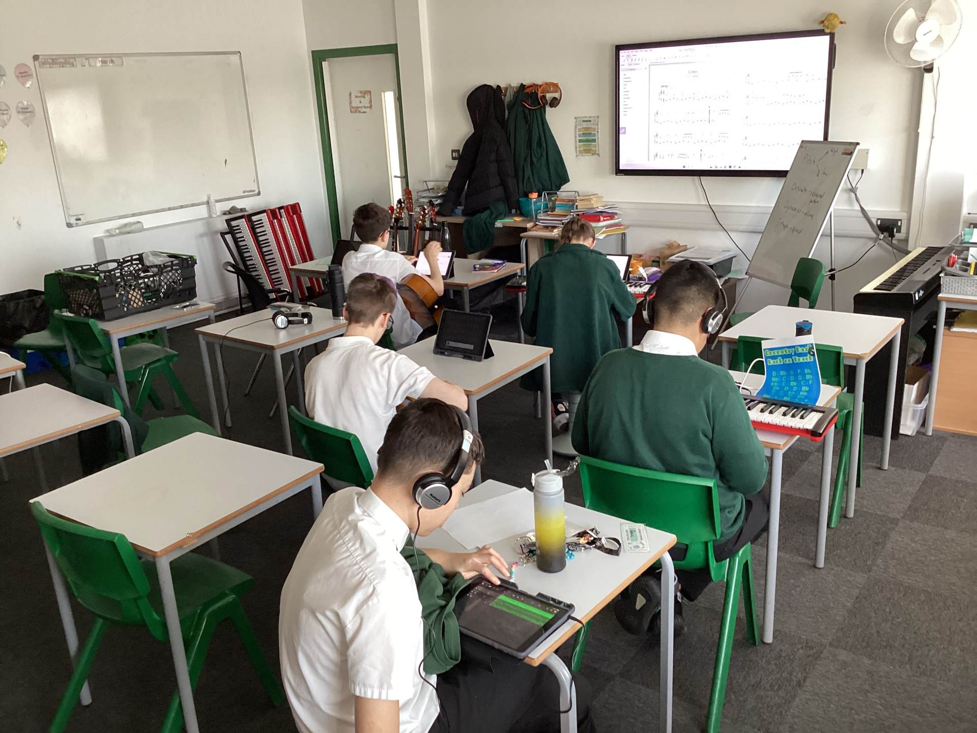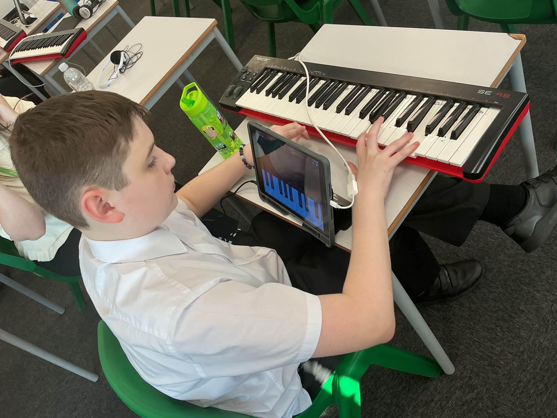 "This term Year 7 have been exploring creating their own musical ideas using Garageband, Chrome Music Lab and keyboards. We’ve listened to their pieces as a class and have been amazed at some of the fantastic creations they have made.
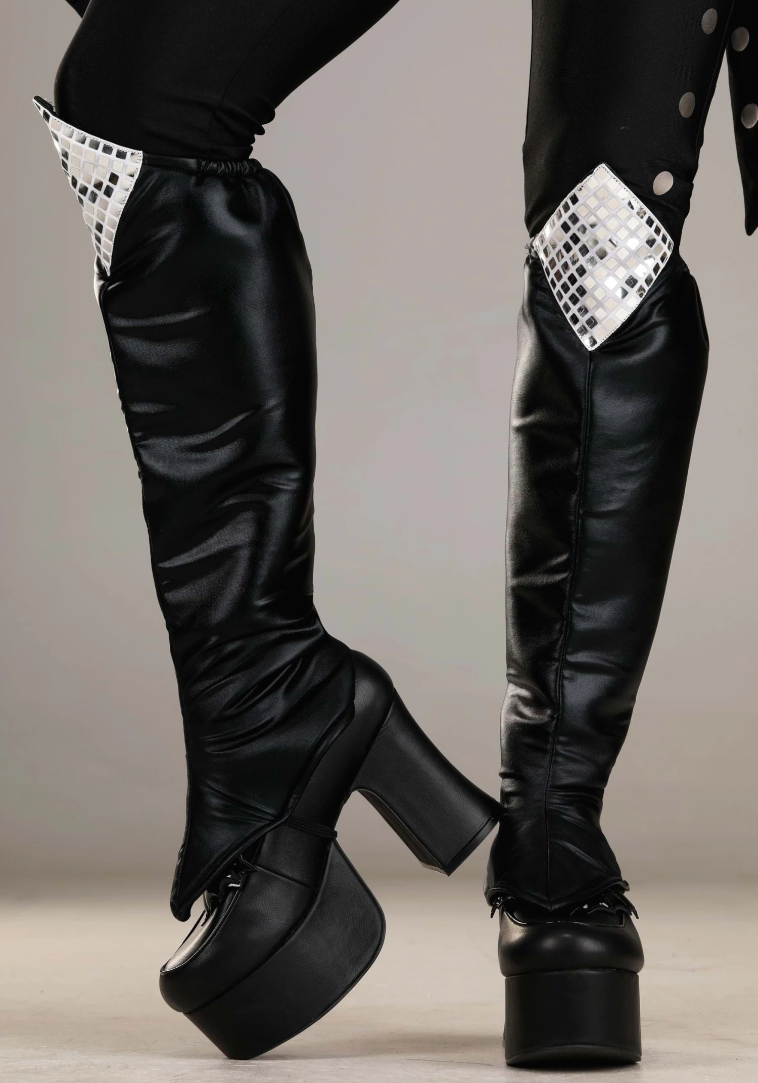 - Foam backed boot covers have metallic foil disco ball mirror fabric, elastic bands secure under shoes
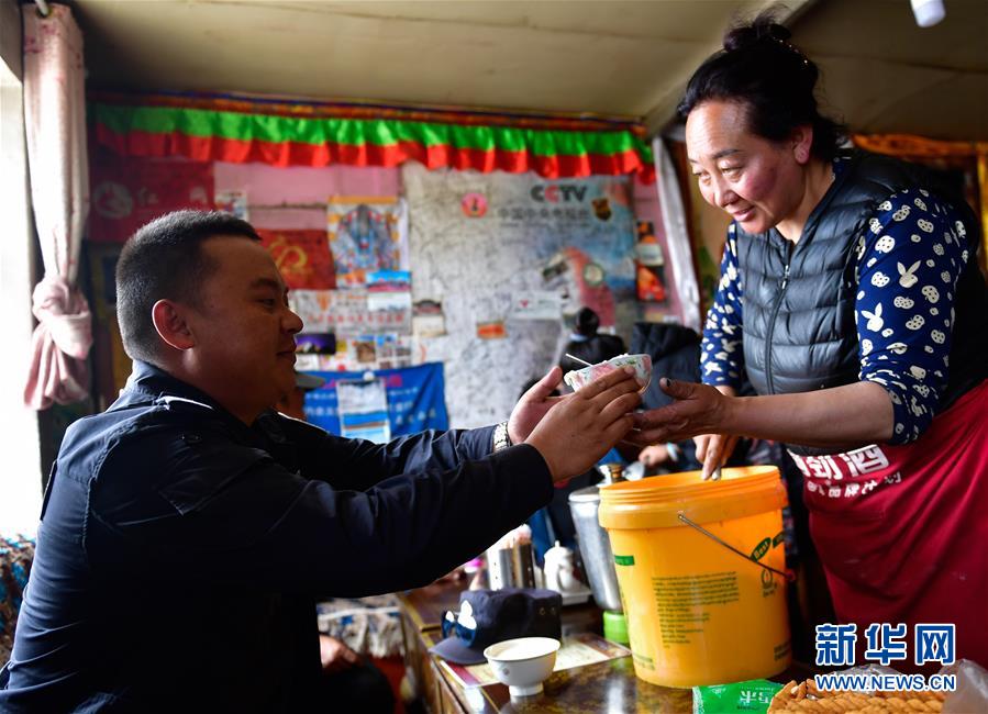 在可可西里不凍泉保護站周邊牧民家休息時,當?shù)啬撩窠o龍周才加準備酸奶(6月29日攝)。新華社記者 張龍 攝
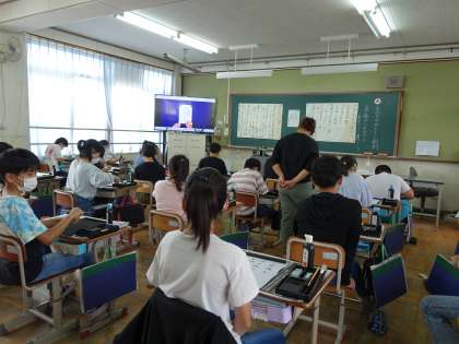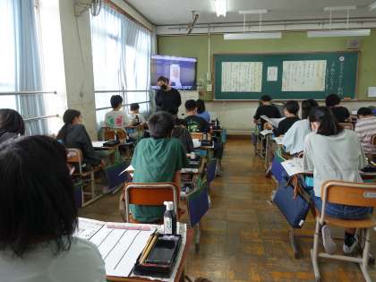 ♪6年生 書写「文字の大きさと配列,点画のつながり(小筆)」〜この道や行く人なしに秋の暮〜 その1
--
→ The problem:
Go through the listing above and retype each line exactly, apart from the pictures.

→ Task result:
 "This term Year 7 have been exploring creating their own musical ideas using Garageband, Chrome Music Lab and keyboards. We’ve listened to their pieces as a class and have been amazed at some of the fantastic creations they have made.
 - Foam backed boot covers have metallic foil disco ball mirror fabric, elastic bands secure under shoes
 在可可西里不凍泉保護站周邊牧民家休息時,當?shù)啬撩窠o龍周才加準備酸奶(6月29日攝)。新華社記者 張龍 攝
 ♪6年生 書写「文字の大きさと配列,点画のつながり(小筆)」〜この道や行く人なしに秋の暮〜 その1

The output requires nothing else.